Work instruction: In the records that follow, find the line with "Műszaki adatok: Magasság"; from there, retype every line exactly through the line with "新中國成立后,抗戰精神在藝術", which also belongs to the answer.

Exercise data:
•••

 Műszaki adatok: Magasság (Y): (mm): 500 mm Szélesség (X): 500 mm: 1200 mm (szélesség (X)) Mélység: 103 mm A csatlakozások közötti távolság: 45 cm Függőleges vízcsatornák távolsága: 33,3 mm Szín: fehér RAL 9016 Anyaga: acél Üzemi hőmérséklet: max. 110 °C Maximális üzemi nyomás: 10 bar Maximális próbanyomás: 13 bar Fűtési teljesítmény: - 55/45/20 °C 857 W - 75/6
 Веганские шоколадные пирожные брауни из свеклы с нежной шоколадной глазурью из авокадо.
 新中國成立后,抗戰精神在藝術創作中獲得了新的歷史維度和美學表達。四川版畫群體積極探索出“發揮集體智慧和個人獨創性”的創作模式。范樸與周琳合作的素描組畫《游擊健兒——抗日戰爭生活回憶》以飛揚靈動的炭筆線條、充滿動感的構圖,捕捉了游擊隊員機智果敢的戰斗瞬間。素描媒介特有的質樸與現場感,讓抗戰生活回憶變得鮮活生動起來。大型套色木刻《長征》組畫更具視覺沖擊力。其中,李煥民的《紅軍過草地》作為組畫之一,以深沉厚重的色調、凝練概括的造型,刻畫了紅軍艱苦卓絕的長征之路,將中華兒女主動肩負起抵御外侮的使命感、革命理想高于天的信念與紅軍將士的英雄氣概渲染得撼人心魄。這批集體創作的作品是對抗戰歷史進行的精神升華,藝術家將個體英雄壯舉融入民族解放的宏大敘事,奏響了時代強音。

•••

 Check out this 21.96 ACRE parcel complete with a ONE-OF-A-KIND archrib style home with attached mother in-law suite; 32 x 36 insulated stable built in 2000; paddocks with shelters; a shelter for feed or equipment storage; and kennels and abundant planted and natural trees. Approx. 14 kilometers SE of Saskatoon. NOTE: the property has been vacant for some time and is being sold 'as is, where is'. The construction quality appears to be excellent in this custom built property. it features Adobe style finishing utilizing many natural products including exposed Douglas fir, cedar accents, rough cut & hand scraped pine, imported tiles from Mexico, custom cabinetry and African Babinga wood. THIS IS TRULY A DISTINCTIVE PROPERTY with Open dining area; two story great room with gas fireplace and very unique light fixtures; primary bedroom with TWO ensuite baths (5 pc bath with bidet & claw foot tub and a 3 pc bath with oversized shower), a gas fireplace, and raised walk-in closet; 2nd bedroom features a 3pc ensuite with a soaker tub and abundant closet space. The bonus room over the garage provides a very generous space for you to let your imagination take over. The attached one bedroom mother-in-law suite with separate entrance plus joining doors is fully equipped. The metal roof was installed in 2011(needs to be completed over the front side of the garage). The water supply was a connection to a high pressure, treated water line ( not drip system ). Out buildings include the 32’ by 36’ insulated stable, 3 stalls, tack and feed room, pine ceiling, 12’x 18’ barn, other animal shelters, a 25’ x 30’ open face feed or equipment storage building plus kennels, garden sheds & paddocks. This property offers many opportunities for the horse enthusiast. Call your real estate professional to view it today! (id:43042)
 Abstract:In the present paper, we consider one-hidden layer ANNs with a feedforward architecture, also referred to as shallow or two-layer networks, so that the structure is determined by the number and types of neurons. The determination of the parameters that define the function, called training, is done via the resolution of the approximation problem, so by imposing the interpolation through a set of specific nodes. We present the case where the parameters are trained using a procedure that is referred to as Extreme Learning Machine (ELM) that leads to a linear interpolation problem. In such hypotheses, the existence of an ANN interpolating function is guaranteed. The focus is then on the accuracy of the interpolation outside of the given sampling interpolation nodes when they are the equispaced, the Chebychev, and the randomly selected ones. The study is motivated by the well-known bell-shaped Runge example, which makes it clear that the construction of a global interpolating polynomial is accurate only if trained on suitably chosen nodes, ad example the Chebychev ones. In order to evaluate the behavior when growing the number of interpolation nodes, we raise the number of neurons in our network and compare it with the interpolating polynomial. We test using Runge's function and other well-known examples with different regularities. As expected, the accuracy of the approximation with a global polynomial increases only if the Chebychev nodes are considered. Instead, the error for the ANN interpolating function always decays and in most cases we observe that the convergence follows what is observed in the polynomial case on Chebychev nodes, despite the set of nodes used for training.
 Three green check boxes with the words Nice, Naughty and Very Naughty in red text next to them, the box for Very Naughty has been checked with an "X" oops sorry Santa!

•••

Answer section:
 Műszaki adatok: Magasság (Y): (mm): 500 mm Szélesség (X): 500 mm: 1200 mm (szélesség (X)) Mélység: 103 mm A csatlakozások közötti távolság: 45 cm Függőleges vízcsatornák távolsága: 33,3 mm Szín: fehér RAL 9016 Anyaga: acél Üzemi hőmérséklet: max. 110 °C Maximális üzemi nyomás: 10 bar Maximális próbanyomás: 13 bar Fűtési teljesítmény: - 55/45/20 °C 857 W - 75/6
 Веганские шоколадные пирожные брауни из свеклы с нежной шоколадной глазурью из авокадо.
 新中國成立后,抗戰精神在藝術創作中獲得了新的歷史維度和美學表達。四川版畫群體積極探索出“發揮集體智慧和個人獨創性”的創作模式。范樸與周琳合作的素描組畫《游擊健兒——抗日戰爭生活回憶》以飛揚靈動的炭筆線條、充滿動感的構圖,捕捉了游擊隊員機智果敢的戰斗瞬間。素描媒介特有的質樸與現場感,讓抗戰生活回憶變得鮮活生動起來。大型套色木刻《長征》組畫更具視覺沖擊力。其中,李煥民的《紅軍過草地》作為組畫之一,以深沉厚重的色調、凝練概括的造型,刻畫了紅軍艱苦卓絕的長征之路,將中華兒女主動肩負起抵御外侮的使命感、革命理想高于天的信念與紅軍將士的英雄氣概渲染得撼人心魄。這批集體創作的作品是對抗戰歷史進行的精神升華,藝術家將個體英雄壯舉融入民族解放的宏大敘事,奏響了時代強音。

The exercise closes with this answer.